Ms George was one of six library managers who, between them, were responsible for managing the Council’s 12 libraries. As a result of funding cuts in 2011, the Council decided to close six of the libraries and reduce the number of managers from six to two. Ms George was unsuccessful in obtaining one of the new posts and was therefore made redundant.

As part of the Council’s redeployment procedure, she was offered a job as a customer service officer (CSO), albeit at a lower grade and in a different location. However, although she was contractually entitled to a trial period under the Council’s managing change policy, it refused to offer it to her on the ground that the new job was within the same service as her old job. As a result, she refused to accept the offer of the CSO post and was dismissed for redundancy.

She then brought a claim for unfair dismissal on the basis that the failure to offer a trial period meant that the dismissal was automatically unfair.

Tribunal decision

Although the tribunal found that Ms George had a contractual right to a trial period, it found the dismissal was still fair on the following grounds:

  • She was familiar with the more limited duties of the CSO post, having trained new CSOs
  • She knew where she would be based and had worked there previously
  • She knew that her salary as library manager would be preserved for a year
  • She knew the managers to whom she would report, all of whom were professionals who could “work together”
  • She knew that she would receive a redundancy payment even if she refused the CSO job.
  • She did not cite the failure to offer her a trial period as one of the reasons in her letter in which she turned down the offer of the CSO post.

EAT decision

The EAT, however, disagreed. Given that the Council had conceded that the failure to offer the trial period was unlawful, it was hard to understand how the tribunal could then conclude that the dismissal was “fair and reasonable”.

It then provided guidance for the tribunal and remitted the issue for it to reconsider its decision. However, on two occasions the tribunal came to the same decision. That is, that the dismissal was fair.

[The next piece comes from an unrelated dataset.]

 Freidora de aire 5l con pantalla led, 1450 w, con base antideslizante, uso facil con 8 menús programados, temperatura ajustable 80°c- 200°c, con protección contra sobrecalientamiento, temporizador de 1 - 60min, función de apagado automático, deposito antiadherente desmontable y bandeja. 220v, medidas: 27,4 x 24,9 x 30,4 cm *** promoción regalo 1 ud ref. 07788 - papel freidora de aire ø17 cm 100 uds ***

On this, the third time Ms George appealed to the EAT, the Appeal Tribunal remitted the case to a newly constituted tribunal on the basis that the tribunal had failed to have regard to the benefit of a trial period for Ms George.

In particular the EAT said that the tribunal should consider the fact that she wanted to try out the job because she was going to be managed by a new manager, who had previously worked under her, and about whom she had complained in the past. It was, therefore important both for the claimant and the new manager “to try out the relationship in this new role”.

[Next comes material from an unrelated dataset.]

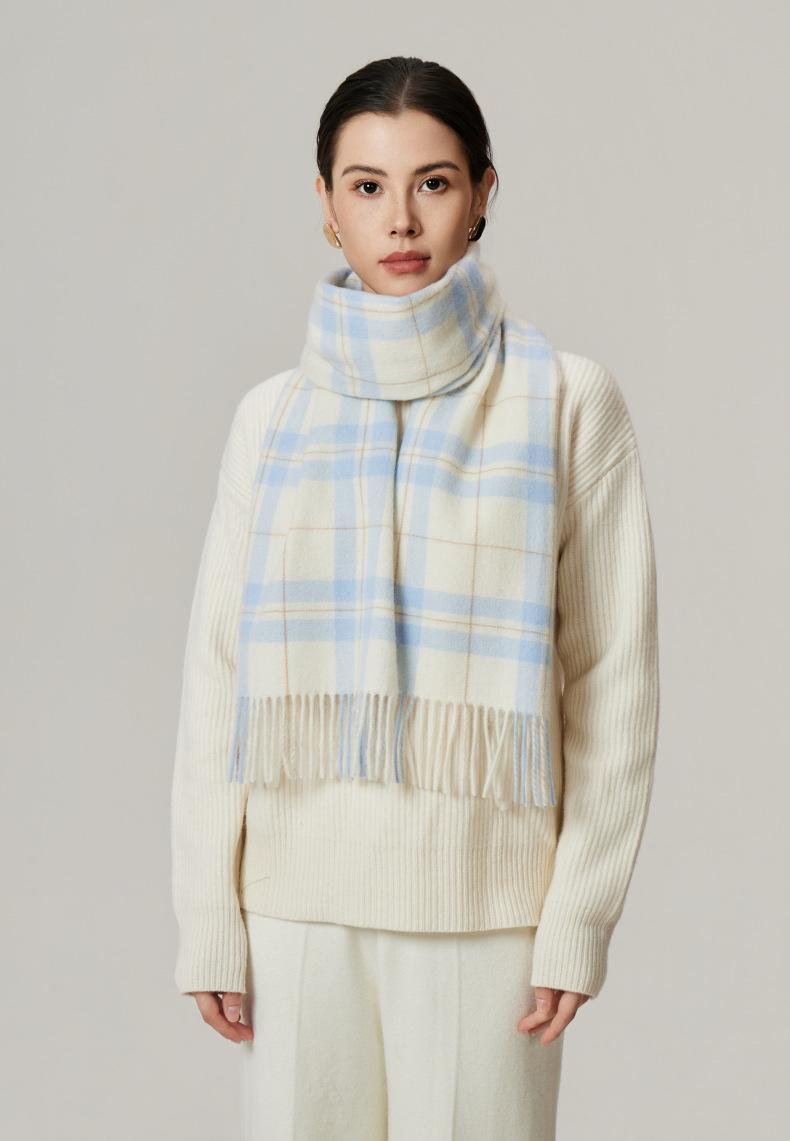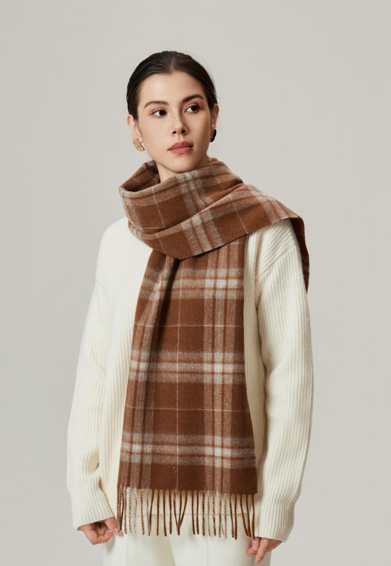 Bufanda de Lana 100% Estilo Coreano para Mujer, Otoño e Invierno, Bufanda de Cuadros Simple y Versátil para Mujer, Bufanda con Flecos para Hombre, Venta al por Mayor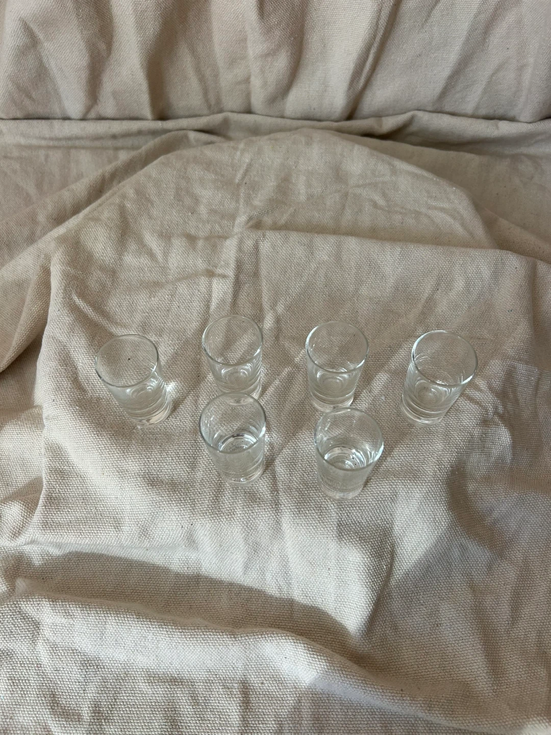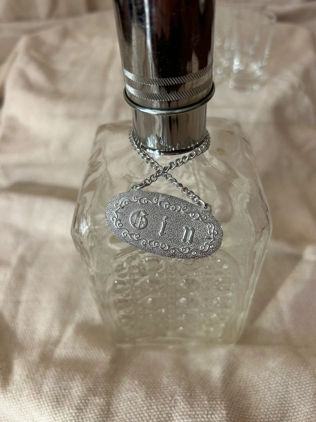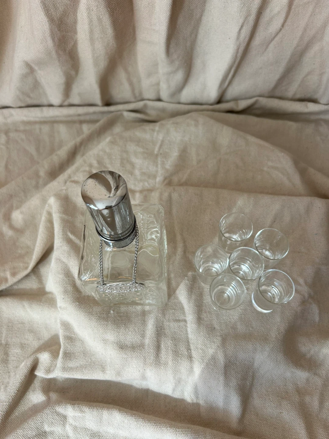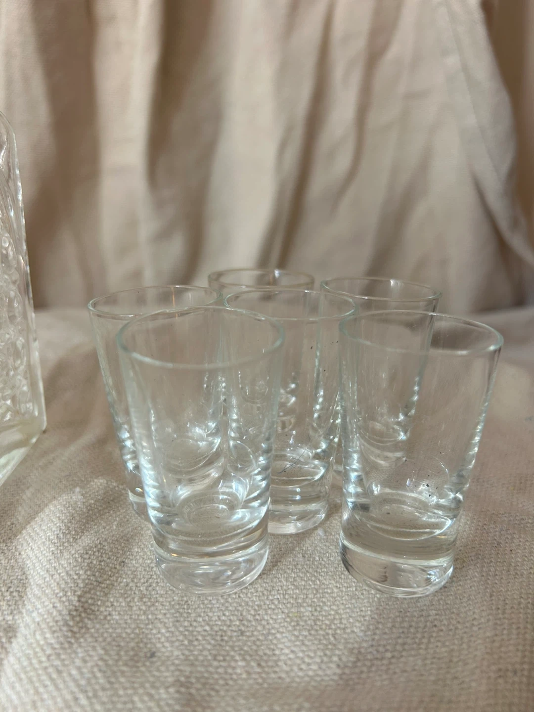 Selling a clear glass decanter with a silver-toned "Scotch" label and a set of shot glasses. The decanter has a textured pattern and a silver-toned cap. Perfect for your home bar!

This is an unusual judgment in which a matter was appealed to the EAT on two separate occasions to consider the same point after the first instance tribunal failed to follow the initial guidance given. The case related to the significance of trial periods in redundancy dismissals. Whilst the judgment largely stands on its own facts it does provide that in the majority of cases the failure by the employer to offer a trial period in an alternative role, where one is available, will render a dismissal by reason of redundancy to be unfair.